MENHAN SJAFRIE GUNAKAN DIPLOMASI PERTAHANAN UNTUK BEBASKAN WNI DI MYANMAR

Fokus, Hukum54 Dilihat

“Lewat Jalur Militer, Indonesia Upayakan Pembebasan Influencer AP dari Penjara Insein”

Menteri Pertahanan Sjafrie Sjamsoeddin mengonfirmasi bahwa pemerintah tengah mengupayakan pembebasan seorang warga negara Indonesia (WNI) yang ditahan di Myanmar melalui jalur diplomasi pertahanan. Upaya ini dilakukan secara hati-hati mengingat situasi politik Myanmar yang masih berada di bawah kendali militer.

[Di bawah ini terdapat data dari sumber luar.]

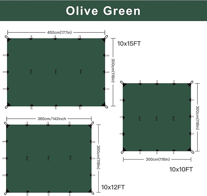 • 【LIGHTWEIGHT & PORTABLE】Our waterproof camping tarp Includes 6 guy lines, 6 stakes, 6 heavy duty black tarp clips and 1 carrying bag. Open size is 118in x 142in / 300cm x 360cm, about 1kg(2.2lb). Our camp tarp comes with a portable designed storage bag for easier carrying. Unfold the camping tarp and lay it on ground use as tent footprint; with the stakes and ropes when take it as sun canopy or rain fly

“Saya telah menghubungi Menteri Pertahanan Myanmar melalui Menteri Luar Negeri kita, karena sesuai protokol mereka, komunikasi pertahanan harus diawali lewat jalur diplomatik,” ujar Sjafrie kepada awak media di Kompleks DPR, Jakarta, Rabu (9/7/2025).

Sjafrie menegaskan bahwa strategi diplomasi pertahanan akan terus digunakan sebagai saluran utama untuk intervensi. Ia menolak mengungkap detail strategi, dengan alasan sensitivitas situasi menyusul kudeta militer yang masih berlangsung di Myanmar.

Sebelumnya, Kementerian Luar Negeri RI mengonfirmasi bahwa seorang pria asal Indonesia berinisial AP telah divonis tujuh tahun penjara oleh pengadilan Myanmar. Ia dituduh mendukung kelompok oposisi bersenjata dan dijerat dengan pelanggaran terhadap Undang-Undang Anti-Terorisme, Undang-Undang Imigrasi, dan Undang-Undang Asosiasi Ilegal Myanmar.

AP, yang dikenal sebagai influencer populer di media sosial, saat ini ditahan di Penjara Insein, Yangon—lembaga pemasyarakatan terkenal dengan pengamanan ketat dan catatan pelanggaran HAM.

Pemerintah Indonesia, melalui Kementerian Luar Negeri dan Kementerian Pertahanan, terus berkoordinasi untuk mencari solusi terbaik dalam pembebasan AP, sambil menjaga prinsip-prinsip kedaulatan dan hubungan bilateral dengan Myanmar.